# Big brown spot in eye?



## natisha (Jan 11, 2011)

Is that new or changing at all?


----------



## Elizabeth Bowers (Jan 26, 2012)

natisha said:


> Is that new or changing at all?


I noticed it when i bought her, and i didn't think anything of it, until i started riding her. It hasn't changed, but it seems to disappear when her pupil dilates in the evening or early dusk. I think just where it's at it may be affecting her vision or something. :?


----------



## DriftingShadow (Jun 4, 2012)

I would probably have the vet out to look at it, because I dont mess around with eyes. Thats just me though. I used to be the wait and see type of person but both of my horses have cured me of that. You can always send your vet a photo and ask


----------



## Trinity3205 (Dec 21, 2010)

I would also have a vet look at it. ASAP.


----------



## Elizabeth Bowers (Jan 26, 2012)

I'll give her a call today, and see what she thinks, and maybe later this week or next week have her come up depending on her schedule.  She'll be coming up to give my colt his shots anyway...


----------



## smrobs (Jul 30, 2008)

I think what you're talking about is called the corpora *****. That little blobby looking thing that's sort of over the top of their pupil? It has something to do with protecting their eye from sunlight.

Of course, if it seems like she's having sight issues on that side, have it checked out, but it's perfectly normal for a horse to have those and they can vary in size from really small to really huge.


----------



## Trinity3205 (Dec 21, 2010)

I see an actual brown spot on the lens in this photo myself. That is not normal.


----------



## Elizabeth Bowers (Jan 26, 2012)

smrobs said:


> I think what you're talking about is called the corpora *****. That little blobby looking thing that's sort of over the top of their pupil? It has something to do with protecting their eye from sunlight.
> 
> Of course, if it seems like she's having sight issues on that side, have it checked out, but it's perfectly normal for a horse to have those and they can vary in size from really small to really huge.


That's what it is!! Thank you Smrobs!. I know they are normal, but i'v never seen one this big before, she has 2 or 3 smaller ones in her left eye, and they don't seem to infringe on her vision. I just noticed she spooked a good bit on her right side, and thought that it may have something to do with it. And yes she is rather sensitive on very bright sunny days.


----------



## LovesMyDunnBoy (Aug 11, 2011)

Elizabeth Bowers said:


> That's what it is!! Thank you Smrobs!. I know they are normal, but i'v never seen one this big before, she has 2 or 3 smaller ones in her left eye, and they don't seem to infringe on her vision. I just noticed she spooked a good bit on her right side, and thought that it may have something to do with it. And yes she is rather sensitive on very bright sunny days.

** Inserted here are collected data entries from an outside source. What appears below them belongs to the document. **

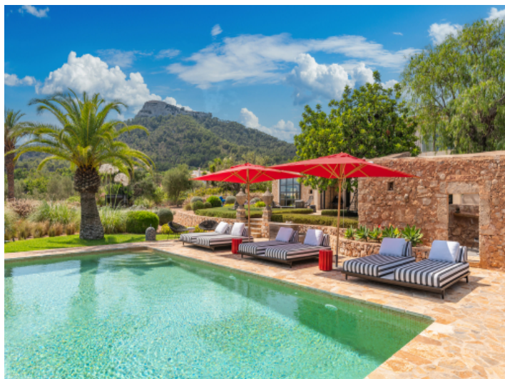
Sunny pool area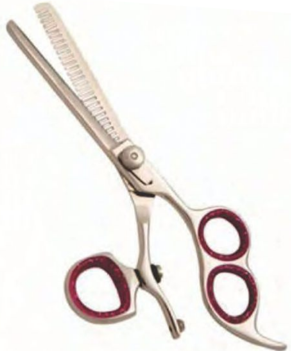
Revolving Thumb Hair Cutting Scissor with Three Finger Holes Size: 5", 5.5", 6", 6.5"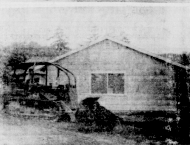
THE NEW CATE BUILDING in North Brookings is going up rapidly now. It is being built adjacent to the Western Auto Store, with the construction work done by Horton and Son. Below, is the Brookings Library grounds, in the process of being leveled for landscaping. A piece of equipment from the Brookings Red-E-Mix Co. is being used.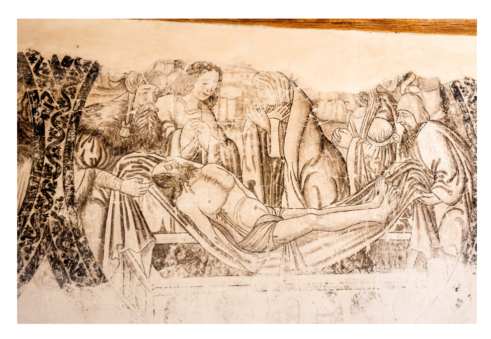
Figure 8.11. The burial of Christ, sixteenth century. Cloister, Convento de Santo Domingo, Tepetlaoxtoc, state of Mexico.

which were front-facing, hieratic, and flat, as seen in the famous feather mosaic that Diego Huaniztin, the governor of Mexico City, bequeathed to Pope Paul III in 1539 (Fig. 8.12). The sequence of images in the Florentine Codex presents the trajectory from iconicity to naturalism.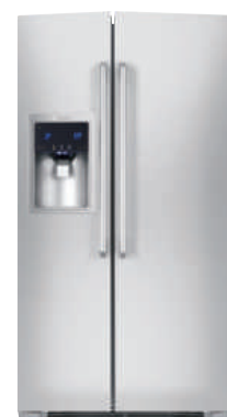
EW23SS65H 1 (S/W/B) EI23SS55H 2 (S/W/B) 23 CU. FT. REFRIGERATOR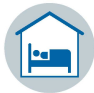
Stay home while you are sick; avoid others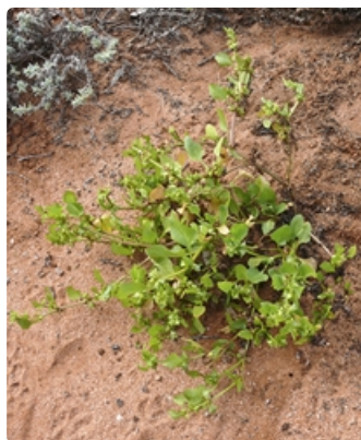
Plant. Photographer Don Wood, Scotia Sanctuary, western NSW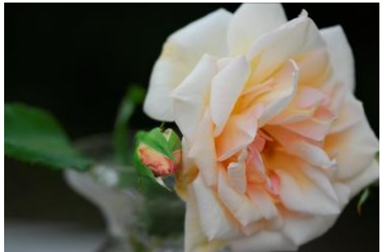
Left: Rosenlund garden in Jönköping, Right: 'Prince de Bulgarie' favorite rose of Crown Princess Margaret

That could also explain why it seems to go away when there's low light outside, no need for it!
_Posted via Mobile Device_


----------



## beau159 (Oct 4, 2010)

Trinity3205 said:


> I see an actual brown spot on the lens in this photo myself. That is not normal.


It is not on the LENS of the eye, since the lens of the eye in physically located inside the eye, and isn't really viewable from the outside with the naked eye.













OP: Can you post another photo looking "straight on" to the eye? The angle of your picture is a little deceiving. 

It could certainly be corpora *****, but the angle of your photo makes it look like its on the cornea.

If it is not corpora *****, I would have a vet look at it at some point. Since it has been there for a long time, it's not anything that needs to be seen urgently.


----------



## Elizabeth Bowers (Jan 26, 2012)

Oh ok, that makes sense LovesMyDunnBoy. It just has me concerned because it must affect her focus or something, it's like she doesn't notice things off to her right until she right on it then spooks about it, maybe it makes it shadowed and when it "comes to light" she realizes there is something there. 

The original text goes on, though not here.